Titration experiments with purified human holo-b5, apo-b5, and cytochrome c showed that the stimulatory effect of b5 on 17,20-lyase activity is not mediated by electron transfer from b5 and suggest that b5 exerts an allosteric effect on the P450c17·OR complex. This proposed mechanism could explain three observations from other laboratories. First, b5 facilitates electron transfer from OR to P450 3A4 only when all three proteins are premixed before adding NADPH and substrate, but not when b5 is premixed with P450 3A4 and added to OR, NADPH, and substrate in stop-flow experiments (24). These data suggested that the stimulatory action of b5 on testosterone 6beta -hydroxylation by P450 3A4 was an allosteric effect and was not mediated by an action of b5 as an alternate electron donor (24). Second, b5 is a more potent stimulator of 17,20-lyase activity when the abundance of OR is low, and this stimulation is quite sensitive to small changes in these low amounts of OR (10). Our results corroborate these studies and suggest that b5 interacts primarily with the P450c17·OR complex and not with P450c17 alone. Third, the redox-active core 1 segment of porcine b5 alone cannot augment the 17,20-lyase activity of human P450c17 (43), consistent with our findings that electron transfer from human b5 is not required to stimulate 17,20-lyase activity.
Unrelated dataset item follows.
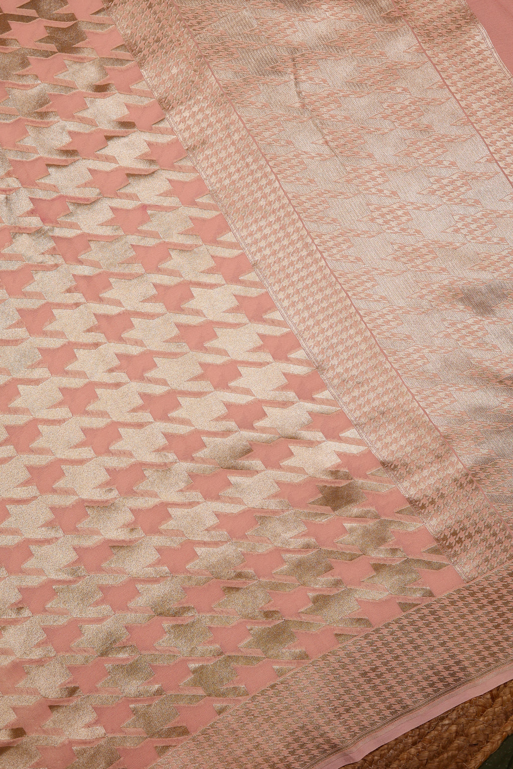 Handwoven Peach Banarasi Khaddi Georgette Silk Saree

Three conclusions about human physiology emerge from our analysis of the kinetics of human P450c17. First, human androgen biosynthesis proceeds predominantly through the pathway 17alpha -hydroxypregnenolone right-arrow DHEA right-arrow androstenedione, rather than through the pathway 17alpha -hydroxypregnenolone right-arrow 17alpha -hydroxyprogesterone right-arrow androstenedione. The pathway via DHEA predominates because the apparent Km for Delta 4 17alpha -hydroxyprogesterone is about 10-fold higher and its Vmax is one-tenth as fast as the corresponding values for Delta 5 17alpha -hydroxypregnenolone. Thus, the catalytic efficiency Vmax/Km for the 17,20-lyase reaction is nearly 100-fold greater for Delta 5 17alpha -hydroxypregnenolone than for Delta 4 17alpha -hydroxyprogesterone. Second, significant androgen biosynthesis via the Delta 4 pathway can only occur in the presence of very high Delta 4 17alpha -hydroxyprogesterone concentrations, as found in untreated patients with 21-hydroxylase deficiency (44). Third, considerable microsomal 17,20-lyase activity is found even in the complete absence of b5; therefore, b5 deficiency cannot cause a syndrome of complete 17,20-lyase deficiency (23) as has been suggested (45).
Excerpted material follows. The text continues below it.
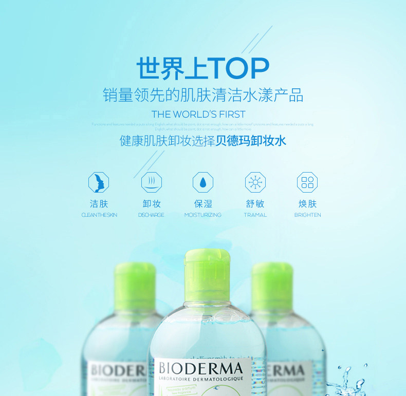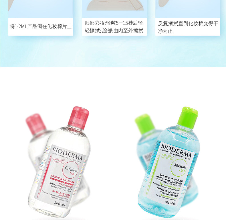 法国进口BIODERMA贝德玛贝德玛卸妆水500ml 蓝水 温和眼唇可用(适合油性、混合性皮肤)
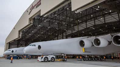 Zwei Rümpfe, sechs Triebwerke und die größte Spannweite der Welt. Das ist Stratolaunch, ein...

The structural nature of the interaction of P450c17 with OR is not known, but the x-ray crystal structures of rat OR (46) and P450-BMP (47) provide useful clues. The redox-partner binding site for P450-BMP, a Type II (microsomal) P450, comprises the surface surrounding a depression in the "proximal" face of the protein that extends down to the face of the heme opposite the substrate-binding pocket (47, 48). This crevasse is lined on one side with positively charged residues from the J' and K helices (in P450-BMP, lysines 325, 328, and 331) which appear to participate in electrostatic pairing with negatively charged residues in OR. Molecular modeling shows that human P450c17 has a similarly located crevasse of positively charged residues that interact with redox partners (23). The electron-donating FMN moiety of rat OR also lies at the base of a concave cleft formed by the butterfly-shaped apposition of the FMN and FAD domains (46). However, the FMN domain joins the remainder of the protein via a disordered, flexible hinge that must flex about 90° for the FMN moiety to extend out from the concave cleft of OR (46) to approach the concave redox-partner binding site of P450c17 (23).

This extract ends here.